«Я имею в виду дедушку. Ваш дедушка должен был кончить Оксфорд». Вы эту притчу хотели рассказать?
— Именно.
— Ну и напрасно, потому что ваш дед кончил университет, Джос. А мой отец был шофером такси. Не подделывайтесь под меня, не надо. Тем более вы — мой работодатель. В какой-то степени... До той поры, пока не отправлю рапорт в центр с оповещением о том, что я принял приглашение Института анализа внешней политики в Кембридже и считаю свою работу в конторе законченной.
— Только не пишите в рапорте, что причиной вашего ухода была моя бестактность. Вам не поверят.
— Поверят, — ответил Ричардсон, тронув указательным пальцем карман пиджака, — я записал наш разговор.
«Псих, — подумал Фол. — Или климакс? Господи, какой страшный возраст между пятьюдесятью и шестьюдесятью. Неужели я стану таким же?»

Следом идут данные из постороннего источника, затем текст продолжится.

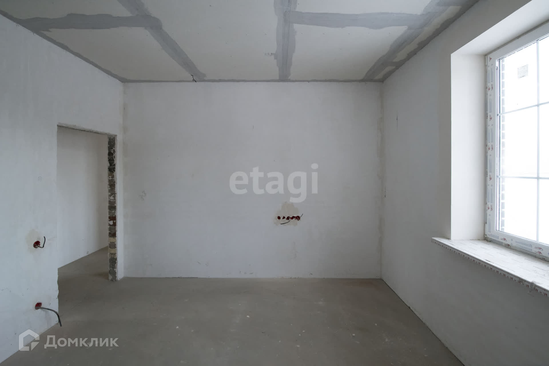 В доме выполнена вся пыльная работа: стены готовы к финишному покрытию, разведены инженерные коммуникации, теплый водяной пол, выполнена стяжка пола.

— Стив, послушайте. Я знаю имена всех кредиторов Золле. Из родственников покойной фрау Анны меня интересуют только Зигфрид Рив и Карл Уве Райхенбау. Что касается его парников, то вчера утром он сдал их в аренду племяннице покойной фрау Анны на два года. Интересует меня также господин Орс. Не знаю, проходит ли он по вашим бумагам? Он дал возможность господину Золле ксерокопировать материалы в Боннском университете. А там, мне сказали, страница стоит десять пфеннигов, а не сорок, как на почте.
— У вас есть еще один центр, работающий на севере? — спросил Ричардсон несколько растерянно.
— Я обязан ответить, что у нас нет ни второго, ни третьего центра, перепроверяющего ваши материалы, да и самого вас, Стив. «Тотальная слежка», «маккартизм» и все такое прочее оставьте крикунам от либералов. Мы с вами консерваторы, люди традиций. Нечего задираться по пустякам. Я готов учиться у вас тому, что ценю: дерзости мысли, а вам не грех перенять мой опыт закапывания в материалы. Я крот, Стив, архивная крыса. Люди моего плана пригодятся вам, теоретикам моделей будущего на Европейском континенте...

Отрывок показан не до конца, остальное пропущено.